Selon les lois de 1998 et de 2003, tout immigrant atteint d’une maladie mortelle dont le traitement n’est pas disponible dans son pays d’origine peut régulariser sa situation au Portugal en présentant un certificat médical et une preuve de résidence et de subsistance.
Si la demande est acceptée par le Service des étrangers et des frontières, l’immigrant aura sa situation régularisée, ce qui lui donnera le droit de bénéficier des services de santé et de la sécurité sociale.
Pour beaucoup d’immigrants séropositifs illégaux, le processus commence au Centre national de soutien à l’immigrant (CNAI, en portugais), où ils sont envoyés par les hôpitaux qui les accueillent en situation d’urgence.
Selon Amélia Carvalho, infirmière du service de santé du CNAI, on essaie « de trouver un encadrement dans le Service national de santé » pour ces personnes.
La première mesure consiste à acheminer le malade vers le centre de santé le plus proche de sa résidence, en l’inscrivant à une première consultation, et ensuite à une consultation d’infectiologie.
Une fois inscrit au Service national de santé, le malade est exempté du paiement des traitements relatifs au VIH qui sont prodigués en milieu hospitalier.
Un système simple en théorie, mais plus difficile dans la pratique. « Il y a encore des médecins et des institutions de santé publique qui ne veulent pas prodiguer des soins aux séropositifs, et c’est là qu’intervient Abraço », a dit Sara Carvalho, assistante sociale du Centre de soutien à domicile de l’ONG.
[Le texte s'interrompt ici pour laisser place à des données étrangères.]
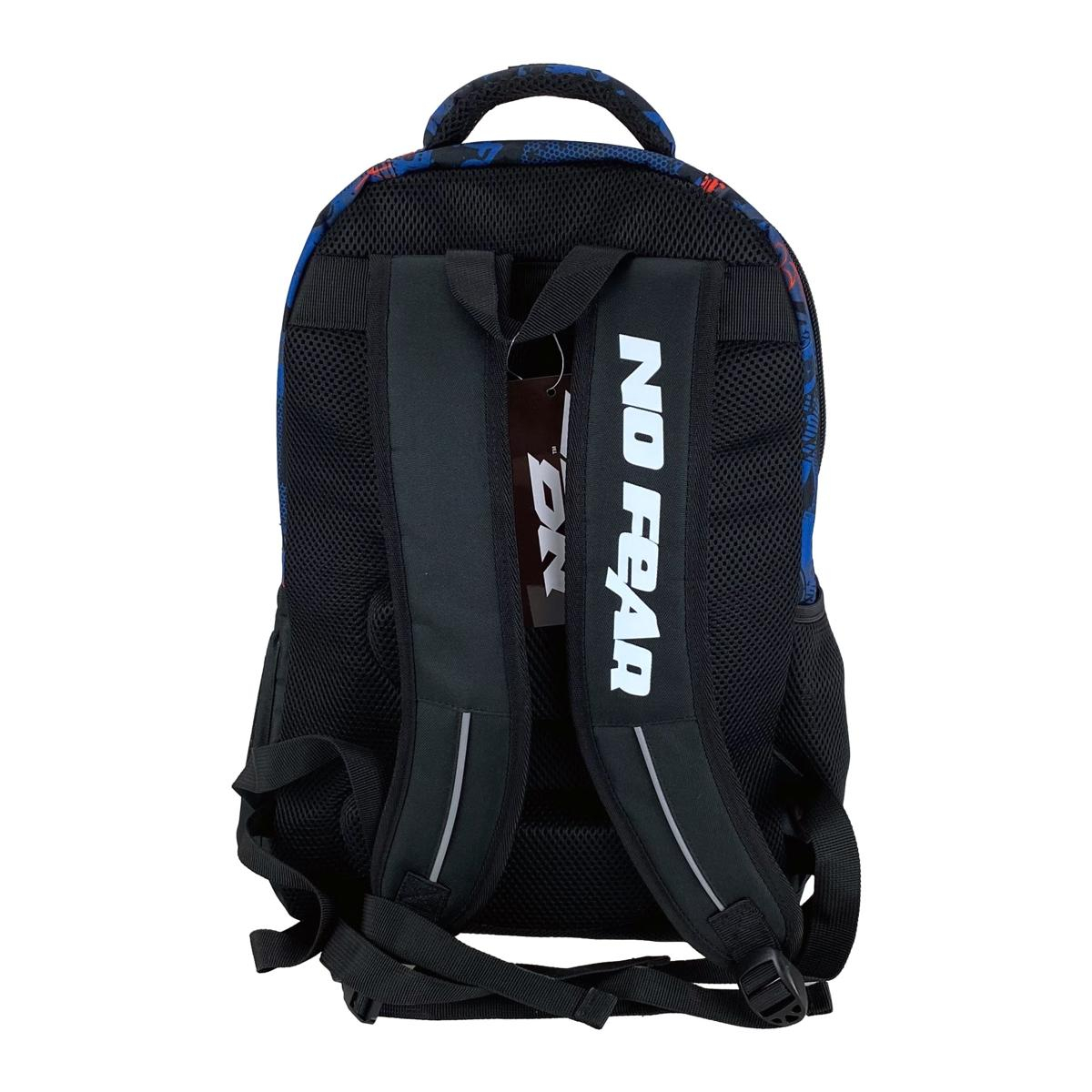 Σχολική τσάντα πλάτης για όλες τις σχολικές τάξεις της εταιρείας No Fear σε μπλε χρώμα με κόκκινες λεπτομέρειες και μοντέρνο σχέδιο. Με 3 θήκες για βιβλία, τετράδια, κασετίνα και όλα τα απαραίτητα είδη γραφής για το σχολείο. Ιδανική για την καθημερινή ασφαλή, άνετη και εύκολη μεταφορά όλων των απαραίτητων σχολικών ειδών.

Après les examens médicaux, la personne est envoyée aux associations telles que Olho Vivo. « Nous traitons les demandes de régularisation jusqu’au bout : nous établissons le contact avec le médecin responsable et nous nous occupons de la paperasse », a expliqué Mme Silva.
Cela inclut l’attestation de résidence et de subsistance, difficile à obtenir pour ceux qui n’ont pas un emploi stable ni une famille qui puisse les aider.
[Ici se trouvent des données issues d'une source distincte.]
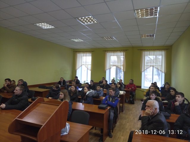 Відповідно до плану профорієнтаційних заходів на кафедрі управління земельними ресурсами, старший викладач, к.е.н. Колісник Г.М. 06.12.2018 відвідав Аграрно-економічний коледж Полтавської державної агарарної академії у м. Полтава де зустрівся із випускниками та студентами 3 курсу спеціальності "Геодезія та землеустрій". На зустрічі майбутні вступники були проінформовані про особливості вступу 2019 року та переваги навчання на факультеті Землевпорядкування НУБіП України.

Lorsque la situation est enfin régularisée, « toutes les déductions déjà perçues pour la sécurité sociale entrent en vigueur et l’immigrant peut bénéficier du même soutien que tout autre citoyen Portugais », a-t-elle dit.
L’afflux d’immigrants des pays africains ayant pour langue officielle le portugais (PALOP, en portugais) au Portugal à la recherche de traitement – environ 80 pour cent des demandes que reçoit Abraço proviennent de ces pays – a sensibilisé l’institution à traiter le problème à sa racine.
« Nous sommes en train de négocier un protocole de coopération avec Médecins du Monde Portugal, et nous espérons mettre en place encore cette année des initiatives en Angola et au Mozambique qui viendront compléter les projets déjà en cours », a expliqué Francisco Porto Ribeiro, membre de la direction de Abraço.
En attendant, des immigrants continuent d’arriver au Portugal pour venir frapper à la porte de Margarida Martins, avec, dans leurs bagages, l’espoir de recevoir en terre étrangère le traitement qu’ils n’ont pas pu avoir dans leur propre pays.